Baingan Bharta| Punjabi Style Smoked Brinjals 


Baingan bharta – “ A punjabi style dish made from smoked brinjal’s in a thick tomato gravy”

Before even explaining a bit about today’s recipe, let me ask you a question. “How good are you in burning your recipe ingredients, black?” 

Like me, if you too have ventured into the cooking arena, you might recall those days when you would have accidentally burnt your dish pretty badly. My experience, was when I was in the university hostel, in our shared kitchen, when I tried to make saag aloo, and literally choked all my roommates from the kitchen. It was so terrible! 

But had I known about this recipe that I am sharing with you today,  I wouldn’t have felt so bad. 

So, if you are totally new to making recipes, you can try the recipe I am going to reveal now. Infact, if you like grilling, you might as well have fun with today’s recipe. This recipe is called baingan bharta. 

Baingan bharta is a Punjabi style dish made from smoked brinjal’s in a gravy of tomatoes, onions and garlic. For this recipe, you would require a very big aubergine or brinjal. You would then fry the brinjals over the flame, literally burn its skin giving it the smoky flavor. Later you will remove the skin and mash the brinjal and add it to the gravy. 

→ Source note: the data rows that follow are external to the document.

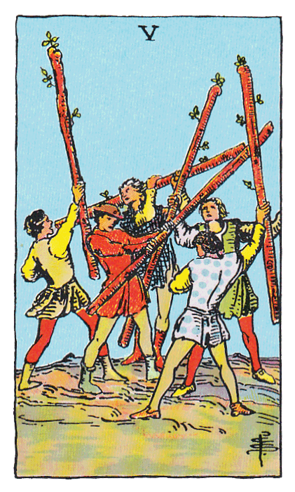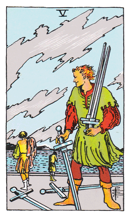 The four 5’s of the Tarot fit in here, because they are all attributed to strife, trouble, defeat or loss of pleasure.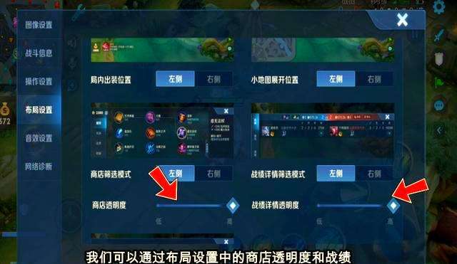 再來看布局設置中的其他選項。在日常游戲中,調整商店透明度和戰績詳情透明度,能夠有效防止裝備或戰績界面遮擋視線。尤其是在選擇裝備時,稍有不慎就可能面臨危險。然而,這個問題有一個簡單的解決方法——調整布局設置中的商店透明度和戰績詳情透明度。只需將透明度滑塊拉到最低,你便能更清晰地觀察英雄狀態,同時也不會被裝備或戰績界面干擾視線。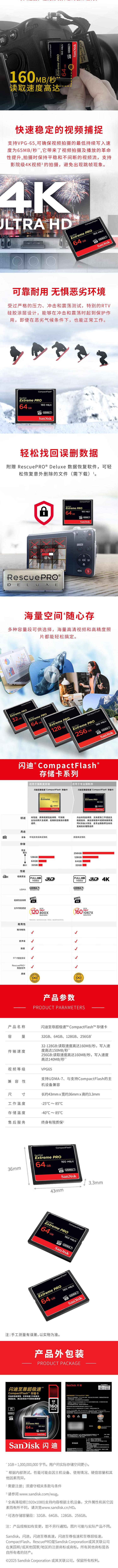 产品尺寸为43mm×36mm×3.3mm,小巧便携,兼容所有支持CompactFlash格式的主机设备,包括佳能、尼康等主流品牌的专业单反相机。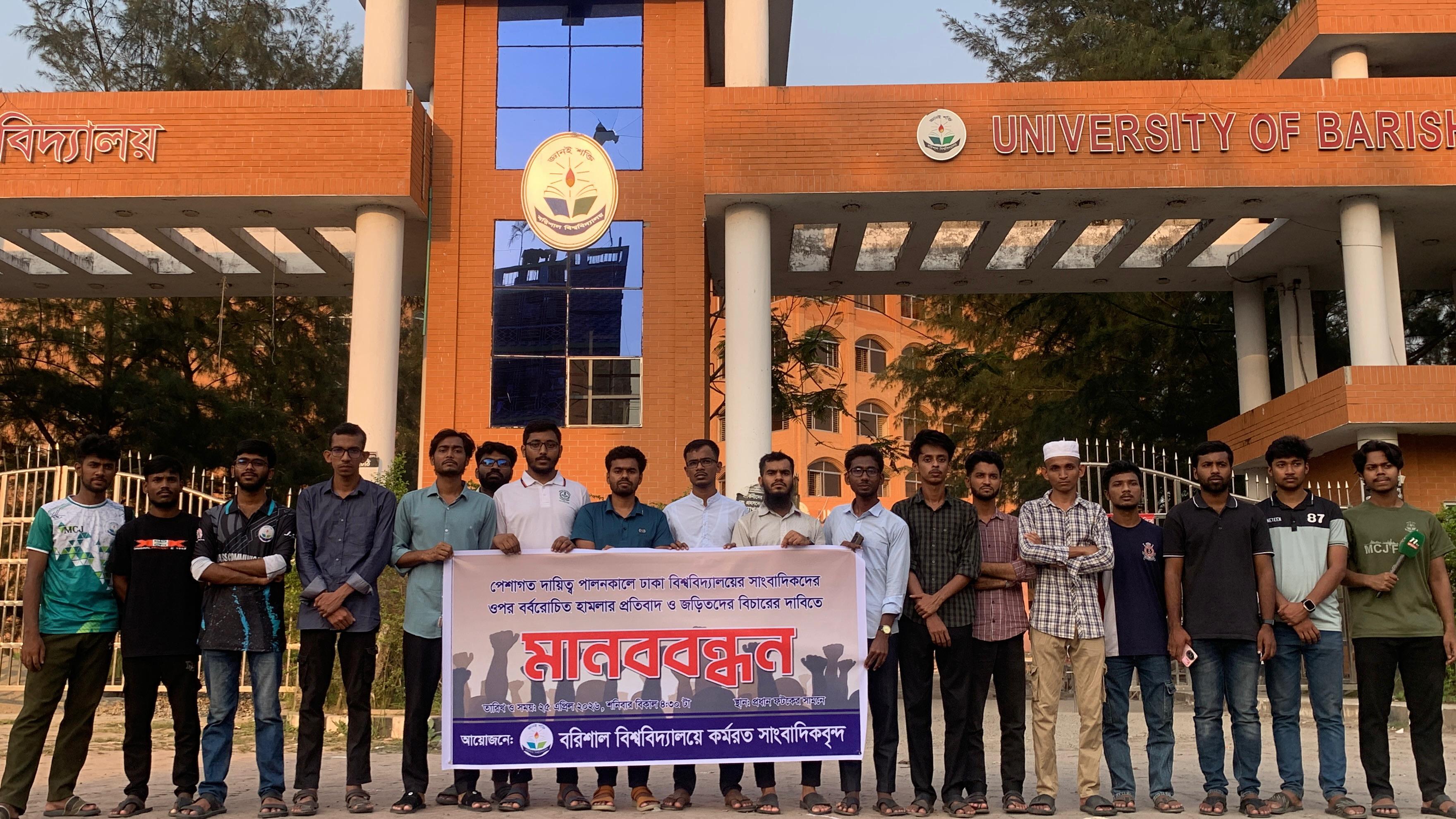 ঢাবিতে সাংবাদিকদের ওপর ছাত্রদলের হামলার প্রতিবাদে ববি সাংবাদিকদের মানববন্ধন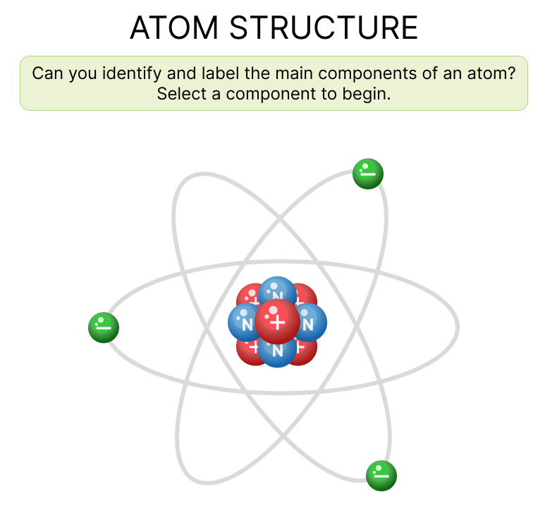 The learner is presented with an interactive diagram of an atom and is asked to label its main components: protons, neutrons, and electrons.

The recipe I have made is little different. First off, I haven’t used onions or garlic. Second, I have used fresh cream in the end before garnishing. This dish takes about 30-40 minutes to cook and would serve atleast 2-3 people. 

So now, let us get started with today’s dish. 

Ingredients List

For Vegetables

• Brinjal – 500gm (Big) 

• Oil – 4-5 tbsp 

• Tomatoes – 3 (medium) 

• Green Chilies – 3 

• Ginger – 1 slice (crushed)

• Cumin Seeds – 1 tbsp 

• Fresh Cream – 3-4 tbsp 

• Salt – 1tbsp 

For Masalas

• Coriander Powder – 1tbsp 

• Turmeric Powder – 1tbsp 

• Garam Masala – 1 tbsp 

• Red Chilly Powder – ½ tbsp

Baingan bharta – Preparation Step

1. Pick up a very big eggplant. Wash it well and wipe it dry. Grease it with 2-3 tbsp of oil. Place it over a flame and roast it very well. 


2. After about 10 minutes, the skin of the eggplant starts to wilt and becomes soft. Hold the stem of the egg plant and turn it so that all sides are roasted. 


3. Once the egg plant is completely roasted, its skin becomes ash in color, switch off the flame and dip the eggplant in a bowl of water and let it cool.


4. Now, peel of its skin and mash the eggplant well. If you have really fried the eggplant, the inside of the eggplant also gives a slight brown color.


5. Chop 3 tomatoes, 3 green chilies and ginger and keep them aside.

6. In a pan heat oil. As the oil gets heated add in 1 tbsp of cumin seeds. As the cumin seeds sizzle, add in the green chilies and ginger into the mix and stir it well.



Cover the lid of the pan, when you add the chilies and ginger into the oil as it could splutter oil drops onto your face.

7. Add in the chopped tomatoes into the mix. Add the masala ingredients onto the mix and stir it well. Close the lid of the pan, and let the tomatoes become into thick paste. Keep medium flame as you do. 


8. Once the tomato gravy has become soft, and as the oil has started leaving its sides, add the mashed brinjal into the mix and stir it well. Add 1 tbsp of salt. 


9. The dish is almost done now. Add 3-4 tbsp of fresh cream into the mix and switch off the flame.


10. Stir the dish well, and garnish it with chopped coriander leaves. Enjoy baingan bharta with roti or rice.



If you don’t have cream you can squeeze lemon juice on the top of this recipe.

In restaurants, to get a smoky flavor and taste, the brinjal’s are fried in a tandoor over burning charcoal. Now, if you can’t find one, you can use the method I have used. 

In case, you have an oven preheat the oven for 20 min at 350-400 degrees. Add the brinjal’s into the oven tray along with 2-3 tbsp of oil and let it cook for about 15 min.